— Je ne m’inquiète pas, j’ai déjà une fiancée qui m’attend là-bas, répond Emmanuel, pour faire rire toute la table.
— Mon pauvre fils, s’agace Nachman, tu auras une vie de porc. Stupide et brève.
— Je préfère mourir à Paris que dans le trou du cul du monde, papa !
— Ohhhh, répond Nachman en secouant sa main devant lui de façon menaçante, Yeder nar iz klug un komish far zikh : Chaque imbécile se croit intelligent. Je ne plaisante pas du tout. Allez. Si vous ne voulez pas me suivre, tentez l’Amérique, ce sera très bien aussi, ajoute-t-il en soupirant.
Des cow-boys et des Indiens. L’Amérique. Non merci, pensent les enfants Rabinovitch. Des paysages trop flous. Au moins la Palestine, ils savent à quoi cela ressemble puisque c’est écrit dans la Bible : un tas de cailloux.
— Regarde-moi ça, dit Nachman à sa femme. On dirait une bande de côtelettes avec des yeux ! Réfléchissez un peu ! En Europe, vous ne trouverez rien. Rien. Rien de bon. Tandis qu’en Amérique, en Palestine, vous aurez du travail facilement !
— Papa, tu t’inquiètes toujours pour rien. Le pire qui puisse t’arriver ici, c’est que ton tailleur devienne un socialiste !
Il est vrai qu’à observer Nachman et Esther, assis l’un à côté de l’autre, comme deux petits gâteaux dans la vitrine du pâtissier, il est difficile de les imaginer en fermiers d’un nouveau monde. Ils se tiennent droits, impeccablement apprêtés. Esther est encore coquette, malgré ses cheveux blancs, qu’elle porte en chignon bas. Elle ne boude ni les rangées de perles, ni les camées. Nachman porte toujours ses fameux costumes trois-pièces coupés chez les meilleurs couturiers français de Moscou. Sa barbe est blanche comme du coton et toute sa fantaisie s’exprime dans ses cravates à pois, qu’il assortit à ses mouchoirs de poche.

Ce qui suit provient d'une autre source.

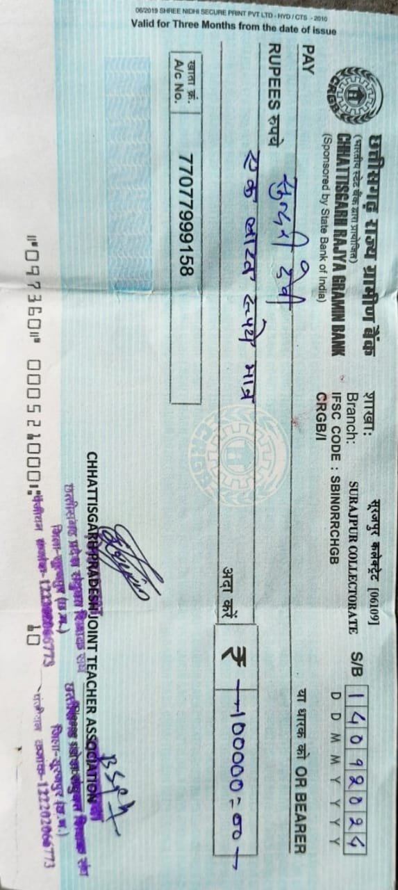 संयुक्त संवेदना योजनांतर्गत विकासखंड भैयाथान के शासकीय प्राथमिक शाला खुटरापारा में पदस्थ सहायक शिक्षक स्वर्गीय महेश प्रसाद काशी की धर्म पत्नी श्रीमती सुंदरी देवी को संयुक्त संवेदना समिति जिला सूरजपुर के तत्वाधान में संचालित संयुक्त संवेदना राशि की एक लाख रुपए का चेक ब्लॉक संचालक भैयाथान सुरेन्द्र दुबे के नेतृत्व में दिवंगत शिक्षक के गृह ग्राम बांसापारा गंगोटी में जाकर प्रदान किया गया ।
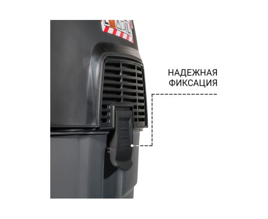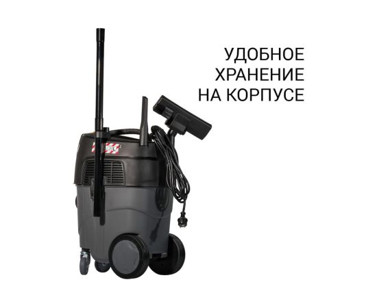 Объем бака пылесоса составляет 30 литров, что позволяет собирать большое количество мусора и пыли без перерывов на его очистку. Кроме того, устройство оснащено датчиком отключения при сборе воды, что обеспечивает безопасность в работе и предотвращает поступление влаги в мотор при переполнении бака.
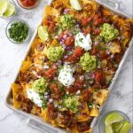 - Add Toppings and Serve: Remove the sheet pan from the oven and immediately top the nachos with dollops of sour cream, guacamole, salsa, sliced red onion, and chopped cilantro according to your preference. Serve right away while warm and cheesy.
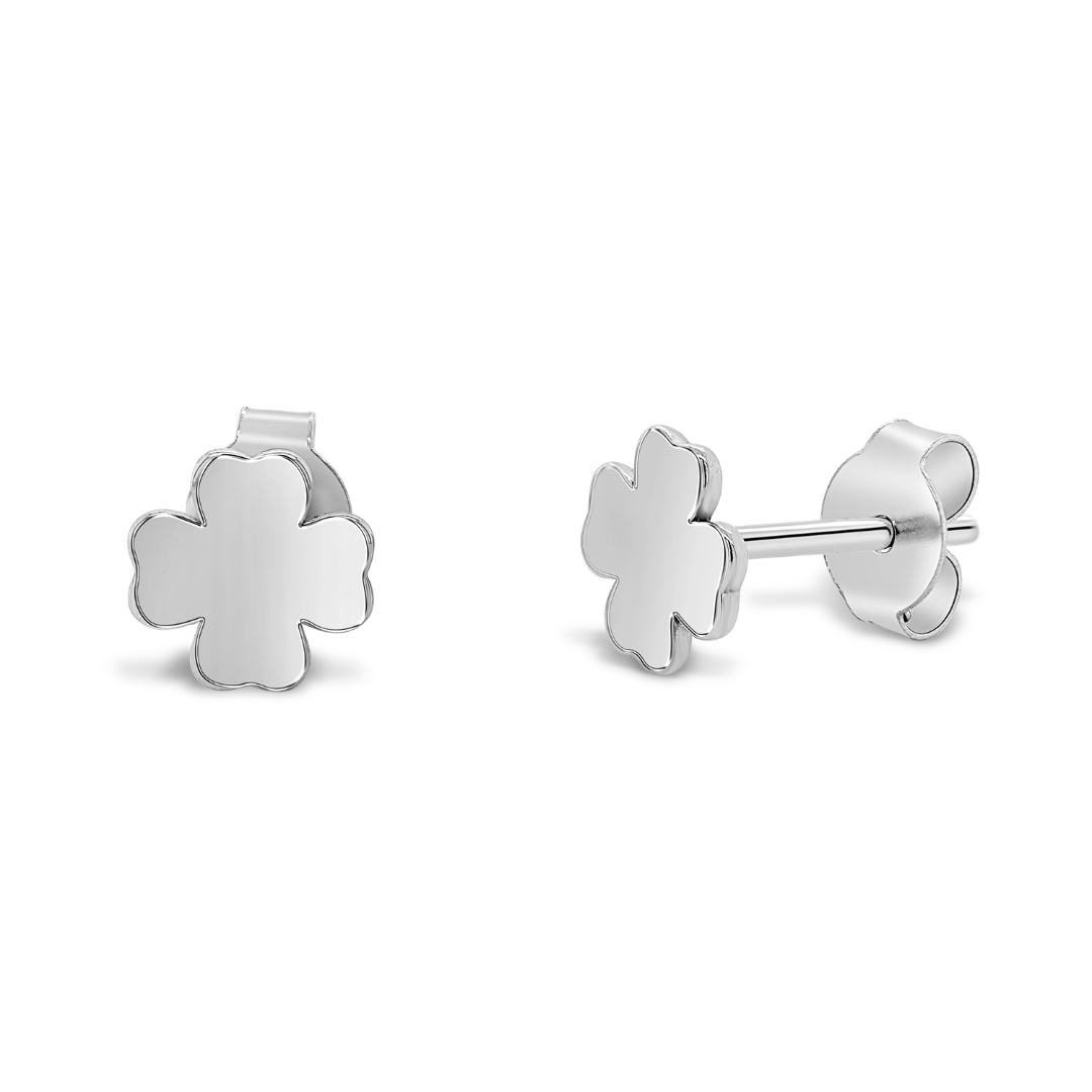 Cercei trifoi cu patru foi din aur alb de 14K.
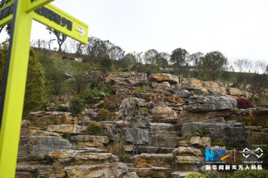 公園內有一片最大高差達70米的山坡,規劃了諸多出入口,既有坡度較緩的健康跑道,也有極具特色的綠境攀巖。新華網 耿駿宇 攝
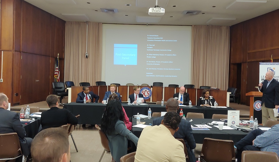 Dr. Brown joined leaders from the University of Memphis, Rhodes College, Christian Brothers University, and Southwest Tennessee Community College for a panel on post-secondary education. All agreed that higher education institutions play a significant role in ensuring the city is a good place to live and that its youth are prepared for the workplace of the future.

Exaspéré par ses enfants, Nachman se lève de table. La veine de son cou a tant gonflé qu’elle semble sur le point d’éclabousser la belle nappe d’Esther. Il faut qu’il aille s’allonger pour calmer son cœur qui s’emballe. Avant de fermer la porte de la salle à manger, Nachman demande à tout le monde de bien réfléchir, avant de conclure :
— Il faut que vous compreniez une chose : un jour, ils voudront tous nous voir disparaître.
Après ce départ théâtral, les conversations reprennent joyeusement autour de la table, jusque tard dans la nuit. Emma s’installe au piano, elle recule un peu le tabouret à cause de son ventre. La jeune femme est diplômée du prestigieux Conservatoire national de musique. Mais elle aurait voulu devenir physicienne. Mais elle n’a pas pu à cause du numerus clausus. Elle espère de tout son cœur que l’enfant qu’elle porte vivra dans un monde où il choisira ses études.
Bercé par les morceaux de musique que sa femme interprète au salon, Ephraïm parle politique avec ses frères et sœurs au coin du feu. Cette soirée est si agréable, la fratrie se soude, en se moquant gentiment du patriarche. Rabinovitch ne savent pas que ce sont les dernières heures qu’ils passent ensemble, tous réunis.
Chapitre 3
Le lendemain, Emma et Ephraïm quittent la datcha familiale, tout le monde se dit au revoir dans la bonne humeur, on promet de se revoir vite avant l’été.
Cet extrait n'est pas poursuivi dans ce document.